■ Supplied entries

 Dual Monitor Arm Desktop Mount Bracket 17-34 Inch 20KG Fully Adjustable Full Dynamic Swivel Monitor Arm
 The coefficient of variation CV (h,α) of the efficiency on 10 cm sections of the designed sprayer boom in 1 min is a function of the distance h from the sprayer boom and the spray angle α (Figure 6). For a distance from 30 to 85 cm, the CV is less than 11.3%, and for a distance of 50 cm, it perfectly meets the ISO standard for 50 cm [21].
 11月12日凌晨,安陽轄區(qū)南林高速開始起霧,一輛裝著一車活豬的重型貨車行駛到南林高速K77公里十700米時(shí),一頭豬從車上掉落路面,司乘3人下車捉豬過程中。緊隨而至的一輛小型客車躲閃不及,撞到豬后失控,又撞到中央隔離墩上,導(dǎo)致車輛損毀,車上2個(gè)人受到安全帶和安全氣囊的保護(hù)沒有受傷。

...

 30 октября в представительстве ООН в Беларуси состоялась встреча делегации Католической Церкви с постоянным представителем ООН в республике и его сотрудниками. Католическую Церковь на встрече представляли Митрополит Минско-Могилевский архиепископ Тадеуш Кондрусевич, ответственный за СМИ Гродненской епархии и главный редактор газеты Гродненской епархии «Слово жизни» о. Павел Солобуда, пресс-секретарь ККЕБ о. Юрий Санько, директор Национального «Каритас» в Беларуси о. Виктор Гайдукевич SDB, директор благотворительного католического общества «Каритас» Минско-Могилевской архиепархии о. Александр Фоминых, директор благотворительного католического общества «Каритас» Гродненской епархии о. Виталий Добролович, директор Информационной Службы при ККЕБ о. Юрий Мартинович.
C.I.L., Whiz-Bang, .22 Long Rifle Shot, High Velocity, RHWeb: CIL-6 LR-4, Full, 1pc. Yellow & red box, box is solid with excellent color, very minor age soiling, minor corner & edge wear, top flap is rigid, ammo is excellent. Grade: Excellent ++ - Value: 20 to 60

■ About this task
Everything from the line with "The coefficient of" through the line with "11月12日凌晨,安陽轄區(qū)南林高" in the listing above must be retyped exactly, with nothing added.

■ Exercise result
 The coefficient of variation CV (h,α) of the efficiency on 10 cm sections of the designed sprayer boom in 1 min is a function of the distance h from the sprayer boom and the spray angle α (Figure 6). For a distance from 30 to 85 cm, the CV is less than 11.3%, and for a distance of 50 cm, it perfectly meets the ISO standard for 50 cm [21].
 11月12日凌晨,安陽轄區(qū)南林高速開始起霧,一輛裝著一車活豬的重型貨車行駛到南林高速K77公里十700米時(shí),一頭豬從車上掉落路面,司乘3人下車捉豬過程中。緊隨而至的一輛小型客車躲閃不及,撞到豬后失控,又撞到中央隔離墩上,導(dǎo)致車輛損毀,車上2個(gè)人受到安全帶和安全氣囊的保護(hù)沒有受傷。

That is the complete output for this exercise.